Below are some records. Write out exactly their lines from the one with "Learning about Diwali" through the one with "10% of the life", and leave the pictures behind.
---
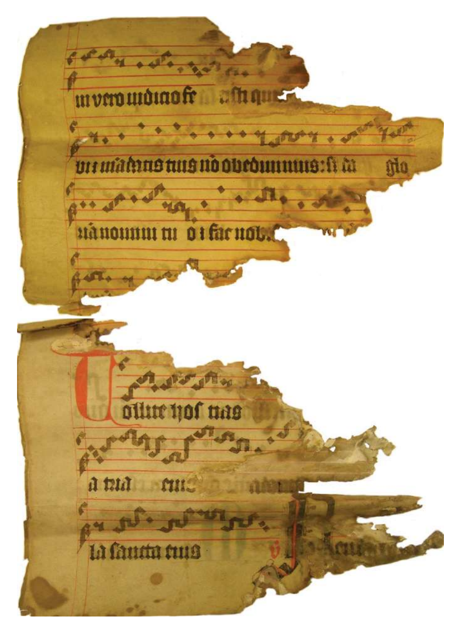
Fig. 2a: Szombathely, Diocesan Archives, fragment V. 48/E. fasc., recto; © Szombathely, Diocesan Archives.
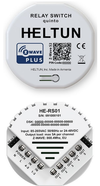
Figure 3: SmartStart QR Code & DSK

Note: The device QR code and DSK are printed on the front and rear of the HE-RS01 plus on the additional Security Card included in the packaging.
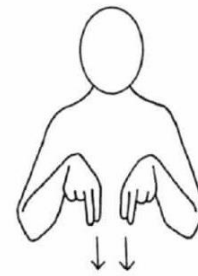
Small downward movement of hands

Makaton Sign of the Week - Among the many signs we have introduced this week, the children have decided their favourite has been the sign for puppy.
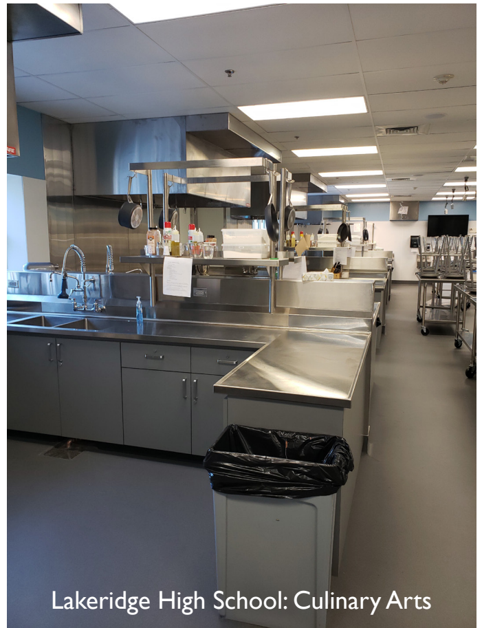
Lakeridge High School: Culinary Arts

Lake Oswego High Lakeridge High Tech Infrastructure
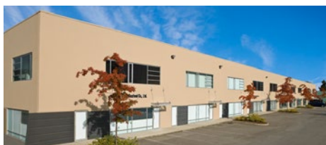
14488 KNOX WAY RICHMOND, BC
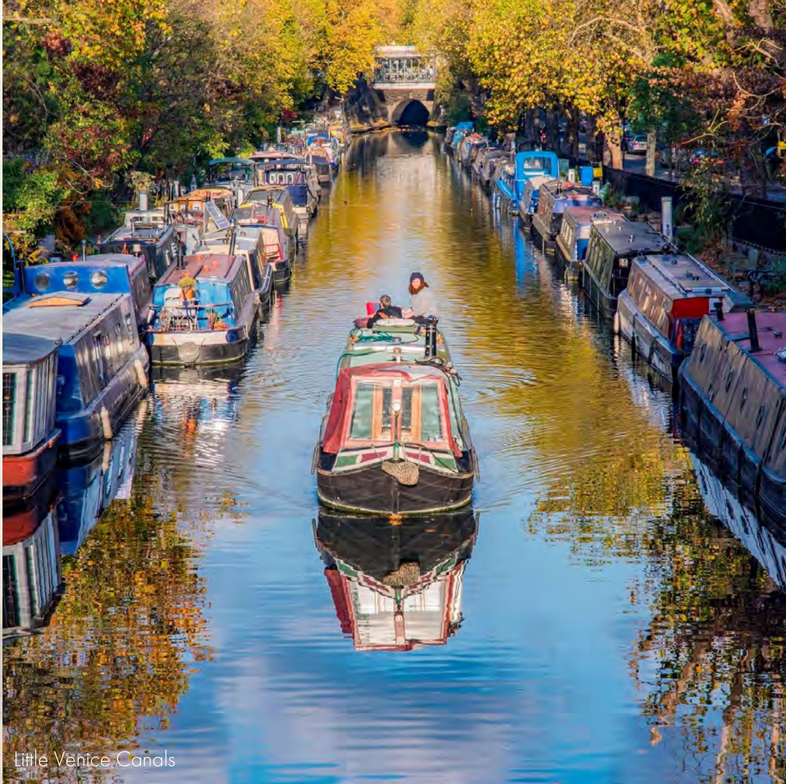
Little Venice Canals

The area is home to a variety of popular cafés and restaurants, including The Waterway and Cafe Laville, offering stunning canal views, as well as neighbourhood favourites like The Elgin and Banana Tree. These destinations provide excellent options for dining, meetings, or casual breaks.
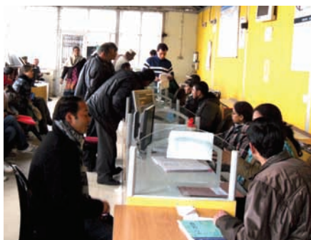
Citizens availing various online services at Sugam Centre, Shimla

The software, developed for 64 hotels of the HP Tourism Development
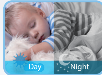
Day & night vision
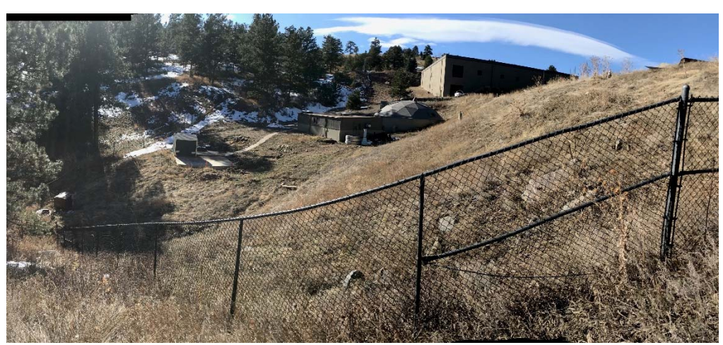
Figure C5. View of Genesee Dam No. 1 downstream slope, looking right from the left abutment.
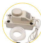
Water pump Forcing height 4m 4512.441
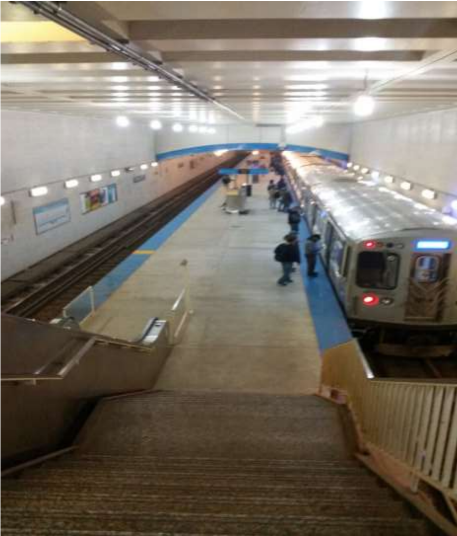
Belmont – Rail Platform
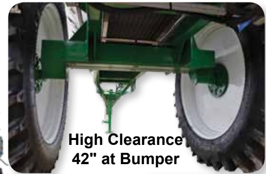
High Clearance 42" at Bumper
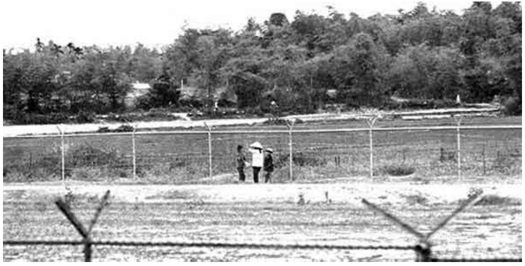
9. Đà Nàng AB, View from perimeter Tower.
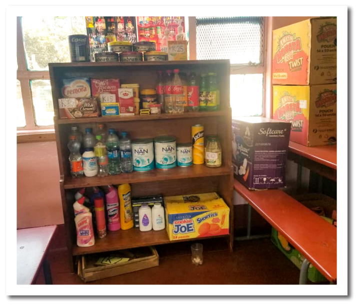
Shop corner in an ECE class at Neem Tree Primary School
---
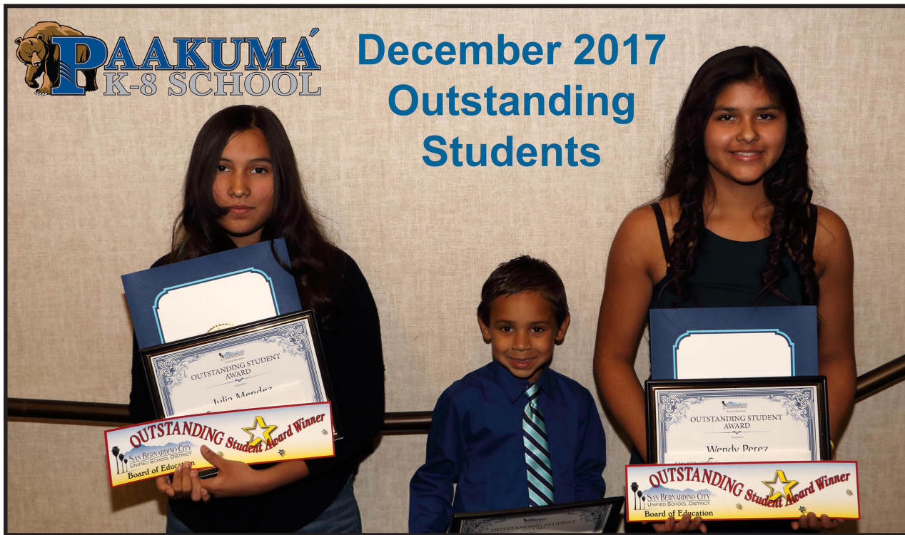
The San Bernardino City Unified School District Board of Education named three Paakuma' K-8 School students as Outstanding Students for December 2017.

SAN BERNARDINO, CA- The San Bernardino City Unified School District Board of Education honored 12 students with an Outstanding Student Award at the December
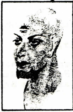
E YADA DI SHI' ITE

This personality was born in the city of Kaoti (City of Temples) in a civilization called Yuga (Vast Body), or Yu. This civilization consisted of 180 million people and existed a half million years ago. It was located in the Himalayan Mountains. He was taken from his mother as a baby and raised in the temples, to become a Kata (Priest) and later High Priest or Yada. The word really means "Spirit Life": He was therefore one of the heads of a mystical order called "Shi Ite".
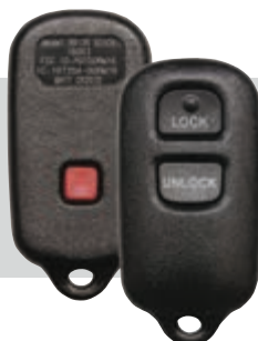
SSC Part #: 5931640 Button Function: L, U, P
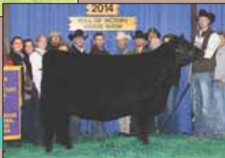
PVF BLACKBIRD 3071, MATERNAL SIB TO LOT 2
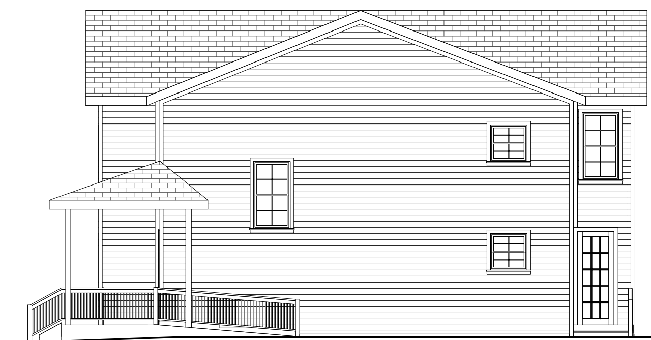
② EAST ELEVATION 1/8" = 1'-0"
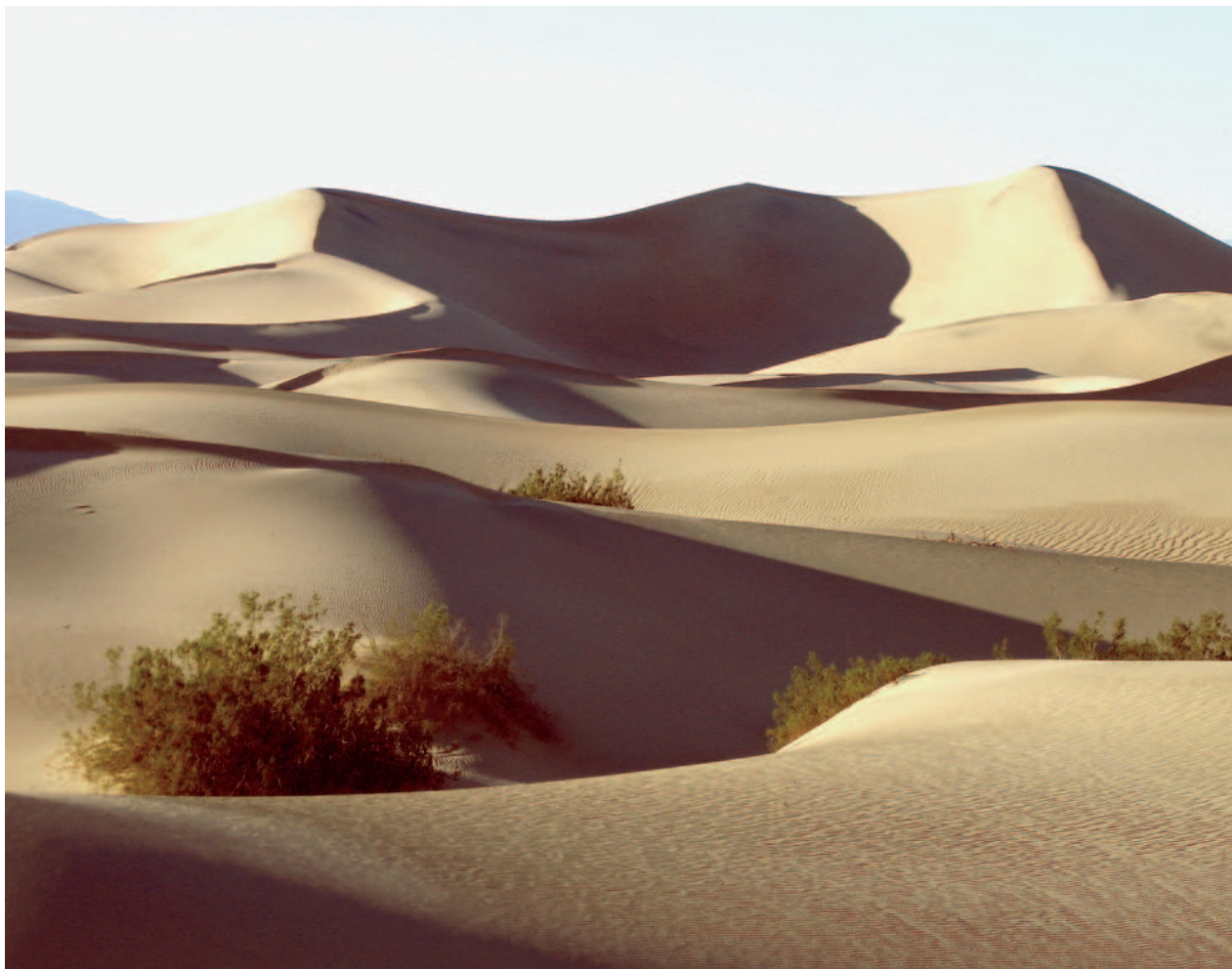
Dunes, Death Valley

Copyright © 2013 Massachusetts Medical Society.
---
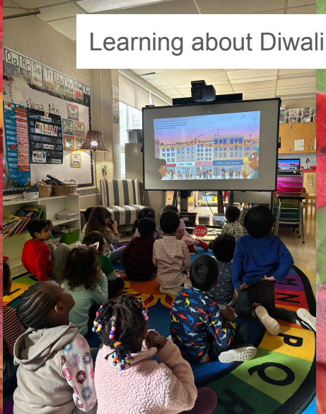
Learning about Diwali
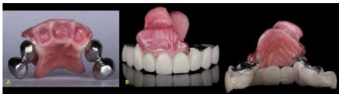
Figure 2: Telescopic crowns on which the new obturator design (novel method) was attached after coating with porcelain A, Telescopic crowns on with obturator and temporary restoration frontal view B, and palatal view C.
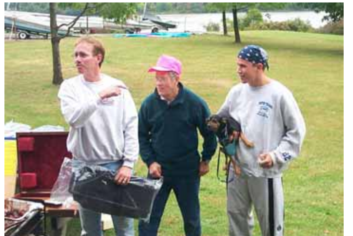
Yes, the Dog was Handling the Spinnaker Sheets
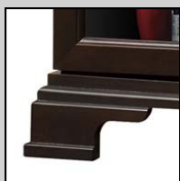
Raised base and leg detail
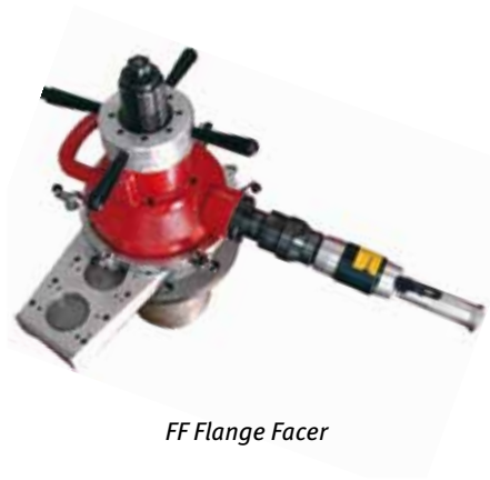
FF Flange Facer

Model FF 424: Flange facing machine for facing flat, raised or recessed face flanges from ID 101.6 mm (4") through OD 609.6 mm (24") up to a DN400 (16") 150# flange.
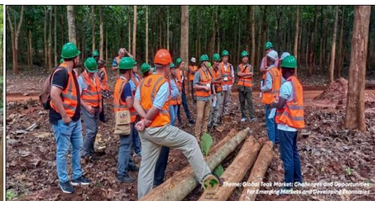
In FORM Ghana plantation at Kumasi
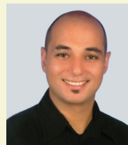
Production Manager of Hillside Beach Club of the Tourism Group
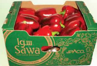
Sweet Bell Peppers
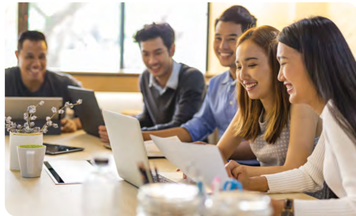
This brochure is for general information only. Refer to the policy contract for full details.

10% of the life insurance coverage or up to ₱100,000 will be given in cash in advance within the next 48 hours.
---
Result:
Learning about Diwali
Figure 2: Telescopic crowns on which the new obturator design (novel method) was attached after coating with porcelain A, Telescopic crowns on with obturator and temporary restoration frontal view B, and palatal view C.
Yes, the Dog was Handling the Spinnaker Sheets
Raised base and leg detail
FF Flange Facer

Model FF 424: Flange facing machine for facing flat, raised or recessed face flanges from ID 101.6 mm (4") through OD 609.6 mm (24") up to a DN400 (16") 150# flange.
In FORM Ghana plantation at Kumasi
Production Manager of Hillside Beach Club of the Tourism Group
Sweet Bell Peppers
This brochure is for general information only. Refer to the policy contract for full details.

10% of the life insurance coverage or up to ₱100,000 will be given in cash in advance within the next 48 hours.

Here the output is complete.